Onde a evocativa paisagem cenográfica (Nello Marrese) é traduzida na visão frontal de espectros de árvores cobertas pelo branco da neve, tendo à sua frente a sala de estudos da professora, no entremeio de uma estante sugestionando livros raros, enquanto os atores usam uma cotidiana indumentária invernal (Marieta Spada).

E na qual sutis e delicados efeitos luminares (Daniela Sanchez) irradiam uma ambiência climática que confunde ficção e realidade, teatro e literatura, alegria e tristeza, vida e morte. Especularmente refletidos na performance sempre envolvente dos dois intérpretes, comandados pela luminosa direção concepcional de João Fonseca.

Sabendo como equilibrar em sua proposta uma magia dialogal entre duas paralelas manifestações estéticas, fluindo do imaginário das páginas ficcionais aos seus desdobramentos presenciais na corporeidade e na vocalização dos dois convictos atores no preenchimento da caixa cênica.  

Gláucia Rodrigues se impondo no intrigante papel de uma mestra de literatura da sala de aula às inventivas páginas de um romance seu, sendo cativante em sua forma de expressar o orgulho de tudo que alcançou em sua dúplice trajetória, sentindo-se solitária em seus cinquenta anos, mas nunca deixando de ser compassiva com as oscilações comportamentais do personagem jovial de André Celant, o aluno e pretenso escritor.

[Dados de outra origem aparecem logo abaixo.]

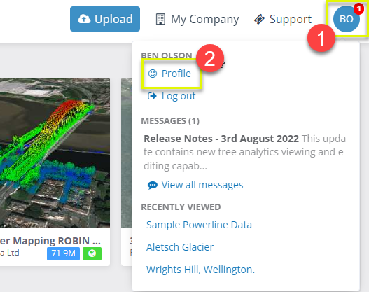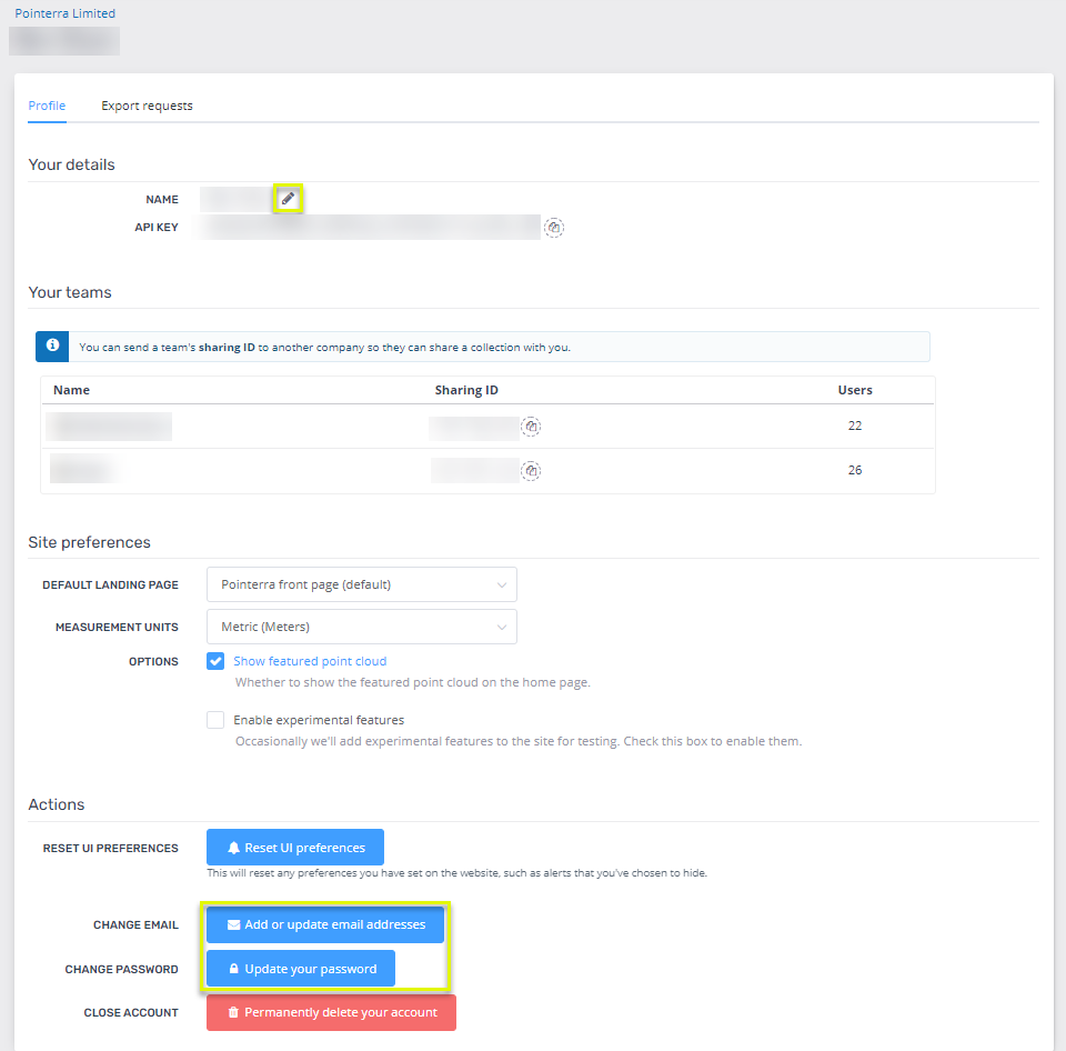 You can update your details - including name, email address, password, and preferences, from the User Profile page. Access the User Profile page from the account menu (the menu at the top right of the page, with your current user name)

Este por sua vez, diferencial na sua não dependência às plataformas digitais, vai transmutando seu isolamento discricionário e a teimosia próxima de um nerd mal saído da adolescência, impressionando pela sua representação verbal e gestual, ora do visionário talento de um ator, ora próximo a um ambíguo contador de histórias.

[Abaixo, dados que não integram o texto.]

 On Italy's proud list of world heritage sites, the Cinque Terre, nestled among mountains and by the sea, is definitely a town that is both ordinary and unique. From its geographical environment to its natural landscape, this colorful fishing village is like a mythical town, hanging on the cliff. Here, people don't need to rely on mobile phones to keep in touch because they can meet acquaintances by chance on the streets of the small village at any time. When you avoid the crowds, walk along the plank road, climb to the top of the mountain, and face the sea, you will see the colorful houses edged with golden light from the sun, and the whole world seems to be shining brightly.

Os dois atores num simbiótico jogo teatral acabando por embaralhar a compreensão do público, em variados níveis mentais direcionando-o a uma indecifrável conclusão comum ou às múltiplas verdades de cada espectador quanto às expectativas de um previsível ou de um inesperado epílogo.

Ecoando, afinal, a precisa reflexão de Roland Barthes, no livro “A Morte do Autor”, podendo esta ser direcionada tanto à literatura como ao teatro : “Será sempre impossível sabê-lo, pela boa razão de que toda a escrita é ela própria essa voz especial composta por várias vozes indiscerníveis”...


                                                       Wagner Corrêa de Araújo   

                                                

O Som Que Vem de Dentro está em cartaz no Teatro Gláucio Gil/Copacabana, de sábado a segunda-feira, às 20hs, até 02 de Junho.